I too would be worried if my husband stopped groping me whenever he gets a chance. Sometimes when my husband caresses a boob while I'm making supper my first thought is, seriously..I'm cooking here, but you know i would rather he be touching my boob than someone elses and i think about it from the stand point that he is expressing his desire for me so I usually give him a "Don't forget about the other one" or " i got something else you can caress" or i turn around and do a little rubbing myself on him and then he leaves me feeling satisifed and not deflated, which i think men feel when their sexual advances are turned down, deflated. 

Does the fact that he cheated before cause you to dislike the groping or do you really object to the physical contact? If you really dislike the physical contact then i would have a talk to your husband, but i feel a lot of men like to touch their wifes and frequently. I'm sorry your husband has cheated on you, that must be some of the worst pain a spouse can feel to be betrayed by their partner that way. I hope he is doing the hard work it's going to take to get your marriage back to where it needs to be.

All the best.


----------



## uhtred

It can be tricky to understand what is "good" groping, and what is "bad" groping. It can be obvious to you, bit not to him. 
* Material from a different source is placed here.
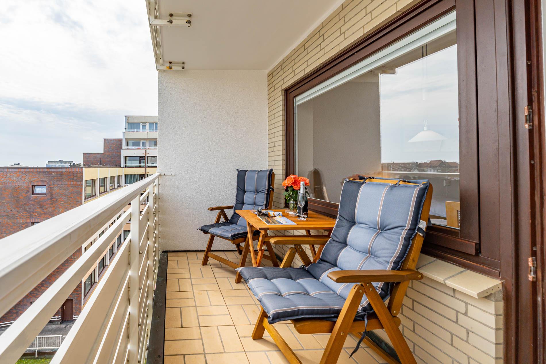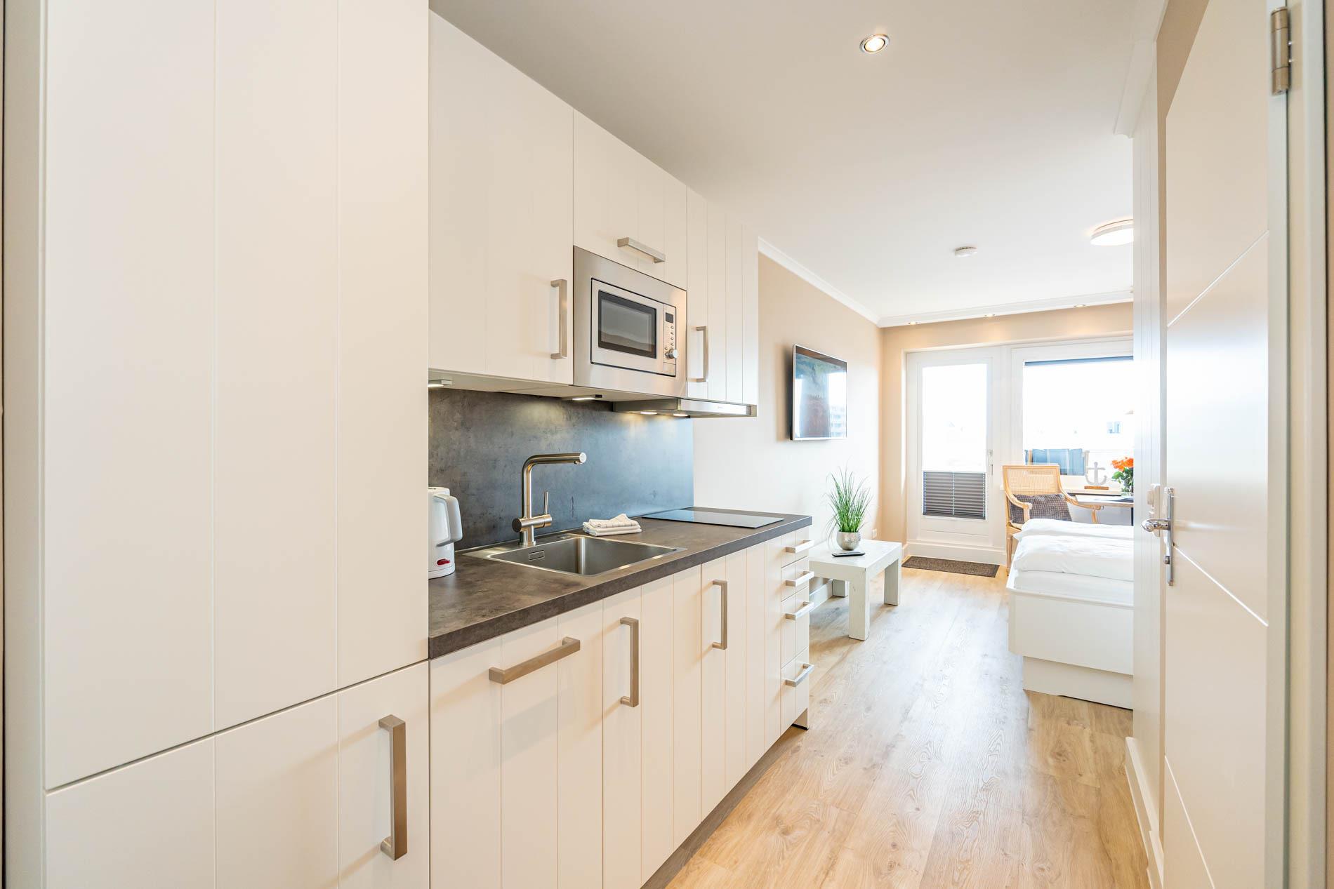 Aufwendig renovierte 1-Zimmer-Nichtraucher-Ferienwohnung mit modernem Designerboden in Holzoptik, ca. 24 qm in der 4. Etage (Fahrstuhl im Haus) zur Ostseite mit weitem Blick über Westerland. Kombinieter Wohn/Schlafraum mit feststehendem Tischler-Doppelbett (Liegefläche 1,60 x 2m, mit guten Einzelmatratzen), großer Flachbild-TV, Kleiderschrank, Essplatz am Fenster mit 2 bequemen Stühlen, WLAN und kostenlose Telefonie ins deutsche Festnetz (Handynummern gesperrt), offene neue Einbau-Küchenzeile mit Mikrowelle, Nespresso-Maschine, Ceranfeld (2 Kochfelder) und Spülmaschine. Kaffeemaschine, Wasserkocher und Toaster gehören zur Grundausstattung, Neues Duschbad/WC, Ostbalkon mit Balkonmöbeln (Hochlehner) und Auflagen (Morgensonne).

From other posts here, its clear that different people find different things OK or not.

Can you describe what is and isn't OK? Then do you think you can communicate that to your husband? Or have you and he is ignoring it?





Lilies12 said:


> Hi Ladies!
> snip
> Sometimes I don't mind it sometimes it p*sses me off ....
> snip


----------



## katiecrna

I am affectionate but I like a certain type of affection. I love when my husband gently hugs me, puts his hands on my butt gently or my boobs gently I don't mind that. That makes me feel sexy and loved. My husband use to slap my ass so hard or grab my ass and I hated it. Especially if I was in the kitchen cooking. This type of touch imo is more for him, and made me feel like a piece of meat and he felt like a "man" or whatever. 
It's just a difference of opinion. Maybe you can come to an agreement with how you like to touched?


----------



## NoChoice

OP,
If you do not give your H what he needs then he will get it elsewhere. This is an evident fact. You can argue that you are not a "touchy" person until the sun comes up but it changes nothing. I will emphatically say that his cheating is wrong, period. However, if you know his need and refuse to acknowledge and deal with it then you should not be surprised when he does it. I do not understand how his touch is groping. You are his wife, the desire of his heart.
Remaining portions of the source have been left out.